Please don't experience me as a know-it-all, because I don't. There are a variety of ways, as we've shown, to ascend, move about, work position and descend. All I want is a 1:1 system with safety as item #1 and easy slack tending as Item #2. So far my ascent has no slack tending at all, which is really nice (I cheat badly here), and the 'descender/move around the canopy' device, being 1:1 also, is half what a friction hitch system to begin with, so all we need is a device that passes up line through it with near-effortless ease, and controls friction confidently on the down.

This is just one guy's approach. I know how to use friction hitches, etc., but I shoot for the most efficient, effective means possible to win my daily matches against gravity. I cheat right down to the rubber palmed grip gloves. I've just refused the convention of 2:1 climbing and live in a 1:1 existence. I will seek every advantage I can and settle for nothing less because when a climbing schedule is 40-70 hours a week, you need every bit of help you can get.
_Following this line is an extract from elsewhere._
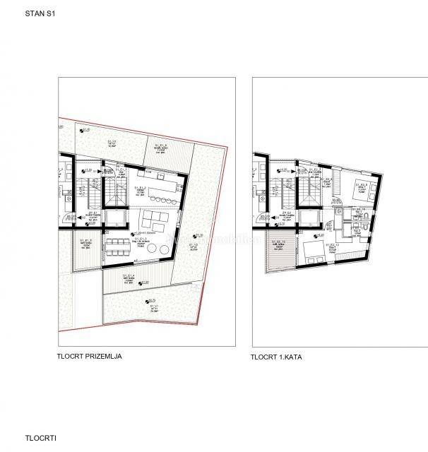 S1 - GROUND FLOOR + 1ST FLOOR + 2ND FLOOR (entrance (4.86 m2), kitchen (15.75 m2), dining room + living room (26.85 m2), 3 covered terraces (6.93 m2, 2 x 4.41 m2), 2 uncovered terraces (2.39 m2, 2.21 m2), 2 entrances + 2 staircases (2 x 7.12 m2), 2 hallways (2 x 7.36 m2), 4 bedrooms (2 x 11.57 m2, 2 x 15.70 m2), 4 bathrooms (2 x 3.12 m2, 2 x 3.06 m2), roof terrace (11.17 m2), elevator entrance (1.84 m2), 3 gardens (4.83 m2, 6.99 m2, 3.63 m2)) - 192.12 m2 - 768480 EUR
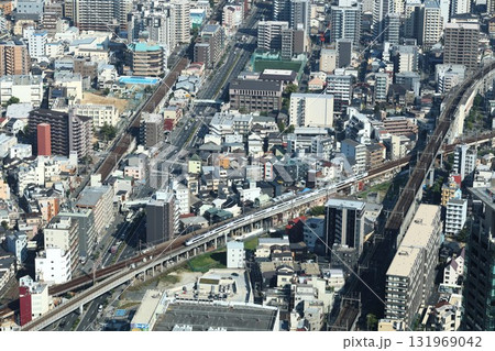 東寺をバックに、京都市内を走る新幹線と関空特急はるか

I have been called a black sheep, even by my own family, it doesn't mean anyone's right or wrong, just different.
 
So, we are looking for something with the ability to give a fast yet controlled and safe decent. I spent the last two night racking my brain and TA DA, I came up with this:



july_095.jpg
 
That'll work.

This system has worked for multiple generations, since the manila rope age and who knows how far back in maritime years? and its application in tree care, since the beginning of tree care is documented and undisputed, and reigns most popular as the primary modus operundi in tree climbing.

2:1 system a la hitch is the champion, as far as user numbers.


I just really want something easier.
 
That'll work.

This system has worked for multiple generations, since the manila rope age and who knows how far back in maritime years? and its application in tree care, since the beginning of tree care is documented and undisputed, and reigns most popular as the primary modus operundi in tree climbing.




I just really want something easier.

Easier? What could possibly be easier than that?
 
Just the sheer amount of slack-tending makes it harder, right out of the blocks.


2:1 does not lend itself well to footlocking, which in 1:1 twin is your best friend. The advantage is strong.


I will climb on your system, but I have to adapt to suit it, and accept the limitations it imposes and not do a lot of the things I take for granted like redirects and climbing line snaking through the canopy wherever it best suits me.

There are moves that because of where the rope laces and drapes, are just not possible on a 2:1 system. That's fine you guys may not need to bust that particular move, but I'm serious, I can not be limited based on the configuration of my rope system and 2:1 all the time sort of boxes you into doing things the way that the system allows. There's nothing wrong at all with that, I just got really bored with 2:1 after about a year, went back to it for awhile when the VT came around and then the high-tech, high-temp eye-eyes, yummm, but it is still 2:1 and you assume a lot of efficiency penalty using it.

But it works. Always has, always will. Nothing simpler than a Blakes's.

I'll go back to my little world now and play with my imaginary climbing setup. :laugh: ha ha.